Bei einer über viele Monate laufenden systemischen Therapie sind die Themen Auswahl des Antimykotikums und mögliche Wechselwirkung mit anderen Arzneimitteln besonders wichtig. In der Leitlinie werden die zur Therapie geeigneten Medikamente im Hinblick auf Wechselwirkungen mit anderen Medikamenten besprochen. Zu den Behandlungsmöglichkeiten gehört auch die Lasertherapie. Da es keine ausreichenden Nachweise (Studien) für die Wirksamkeit einer alleinigen Laserbehandlung bei Onychomykose gibt, wird diese in der Leitlinie derzeit nicht empfohlen. Erfolgversprechender scheint die Kombination einer Lasertherapie mit topischen Antimykotika zu sein.

Nicht (zu) lange warten

„Die Heilungschancen sind am größten, wenn maximal 30 bis 50 % der Nagelfläche betroffen sind. Also sollte man nicht lange warten“, rät Prof. Nenoff. An die Patientinnen und Patienten appelliert der Mykologie-Experte, die medizinische Behandlung gewissenhaft umzusetzen und auch alle unterstützenden und präventiven Maßnahmen zu ergreifen. Dazu gehören auch „Verhaltensänderungen“ wie beispielsweise das tägliche Füße-Waschen, das Wechseln der Strümpfe, das Desinfizieren von Schuhen und das Vermeiden des Barfußlaufens in Schwimm- und Turnhallen, Saunen etc.

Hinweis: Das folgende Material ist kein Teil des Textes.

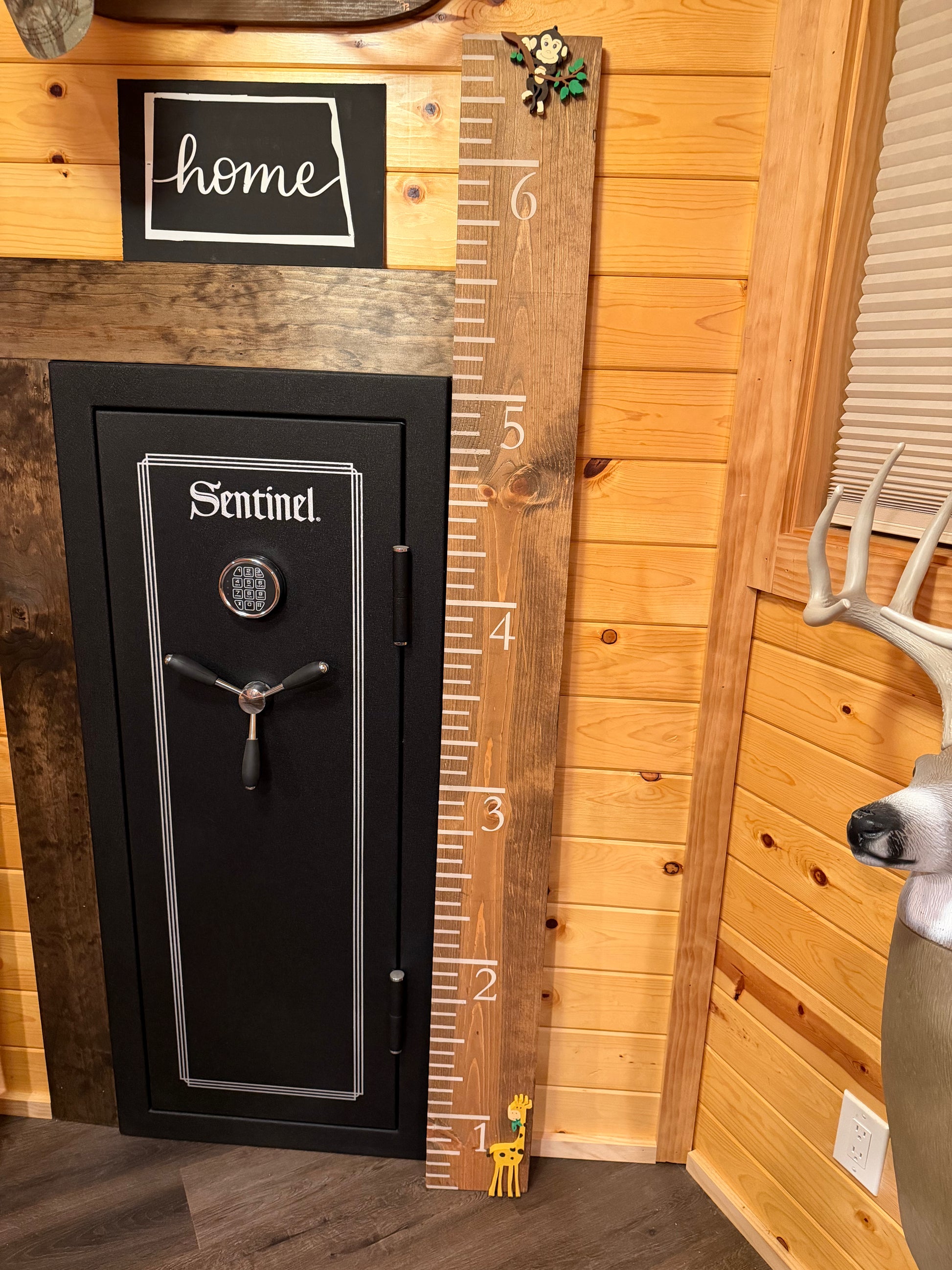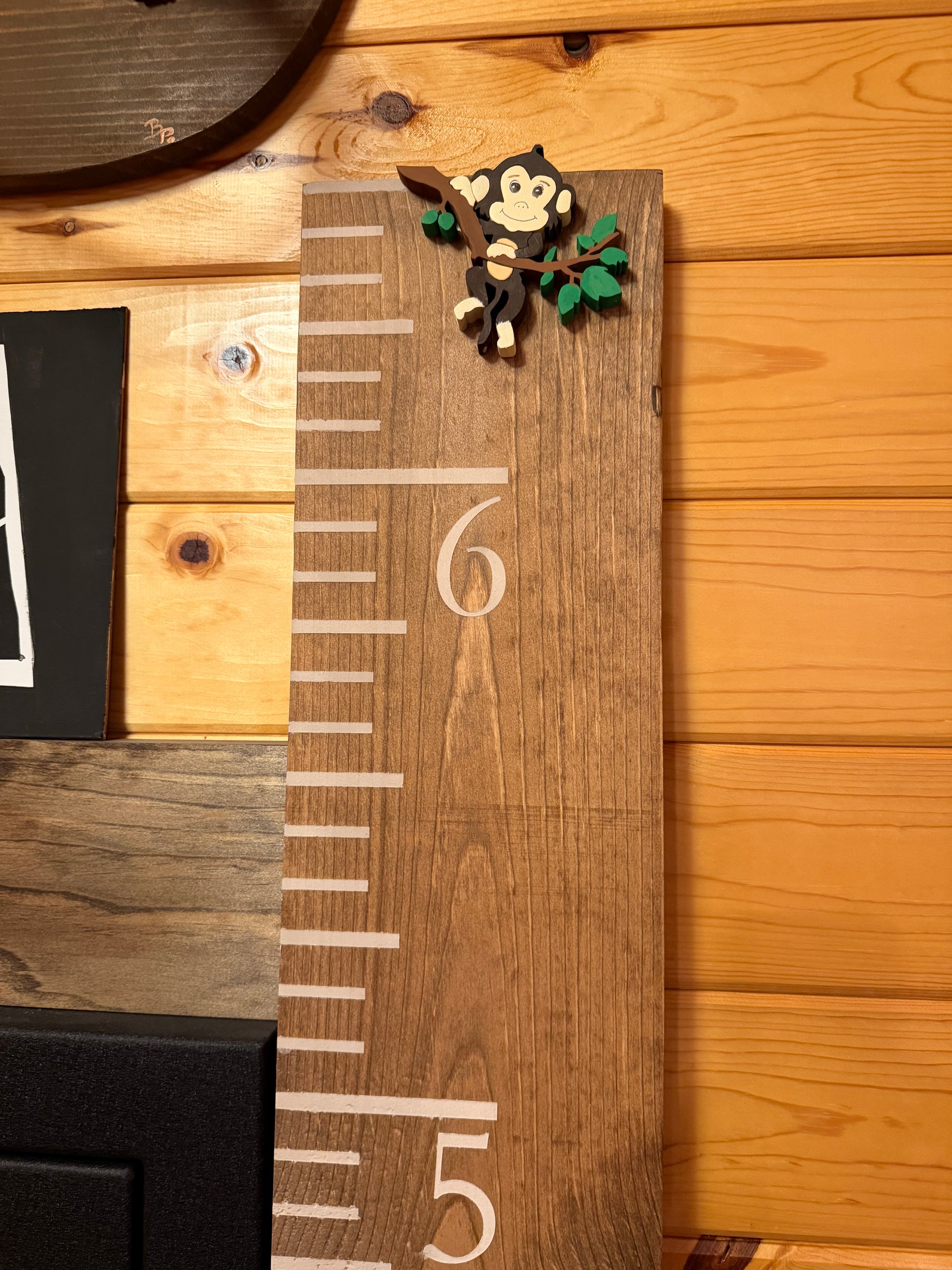 Track your little one’s milestones with this charming growth ruler! The giraffe and monkey are scroll-sawed by hand and painted with care, bringing a fun jungle theme to any nursery or playroom. Add your child’s name for a personalized touch. Makes a great gift too!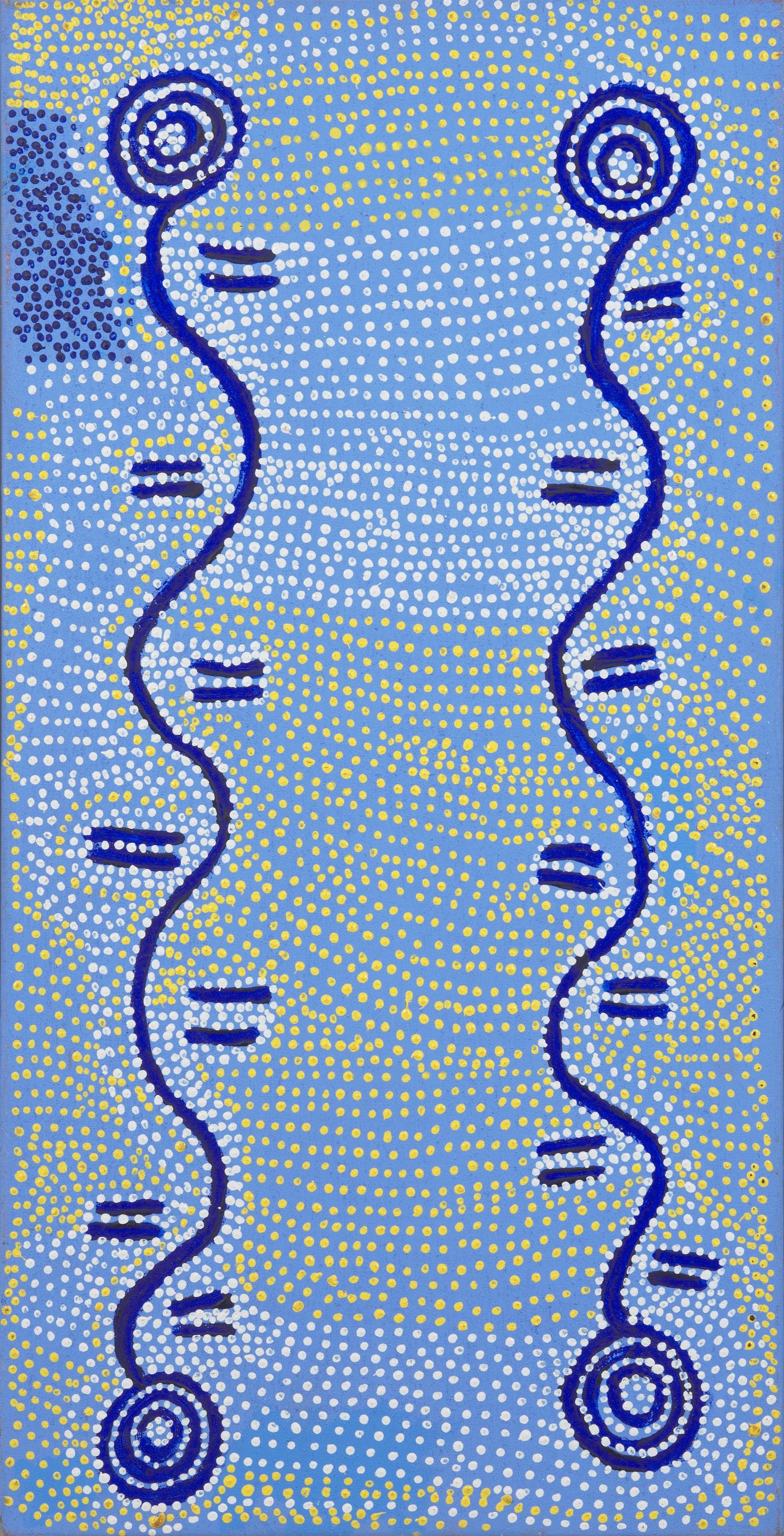 inscribed verso with artist's name and Warlukurlangu Artists cat. no. 512/04 and High on Art cat. no HA17096

An der S1-Leitlinie waren neben der DDG, die Deutschsprachige Mykologische Gesellschaft, die Deutsche Gesellschaft für Kinder- und Jugendmedizin, die Arbeitsgemeinschaft Pädiatrische Dermatologie in der DDG und der Berufsverband der Deutschen Dermatologen beteiligt

Praxistipps zur Prophylaxe

- Die vom Pilz betroffenen Füße täglich waschen, ggf. Fußbäder nehmen.
- Socken/Strümpfe täglich wechseln.
- Benutzte Socken/Strümpfe bei mind. 60° Celsius waschen. (Auch an die Handtücher denken!)
- Schuhe (vor allem Sportschuhe) desinfizieren.
- Nagelpflege-Werkzeuge (Schere/Feile) desinfizieren.
- Achtung beim Barfußlaufen! Schwimmbäder, Saunen, Hotelzimmerböden (Auslegware, Fliesen) und Sport- und Fitnesshallen nicht barfuß betreten.

Literatur:

Nenoff P et al. S1-Leitlinie Onychomykose (AWMF-Register-Nr. 013-003) (2022)
Effendy I, Mayer J, Nenoff P, Reinel D, Schaller M. Kombinationstherapie von schweren Onychomykosen – Empfehlungen eines Expertengremiums. Akt Dermatol 2020; 46 (07): 311-318. DOI: 10.1055/a-1150-0809.
Nenoff P, Paasch U, Handrick W. Infektionen an Finger- und Zehennägeln durch Pilze und Bakterien. Hautarzt 2014 · 65:337–348. DOI 10.1007/s00105-013-2704-0.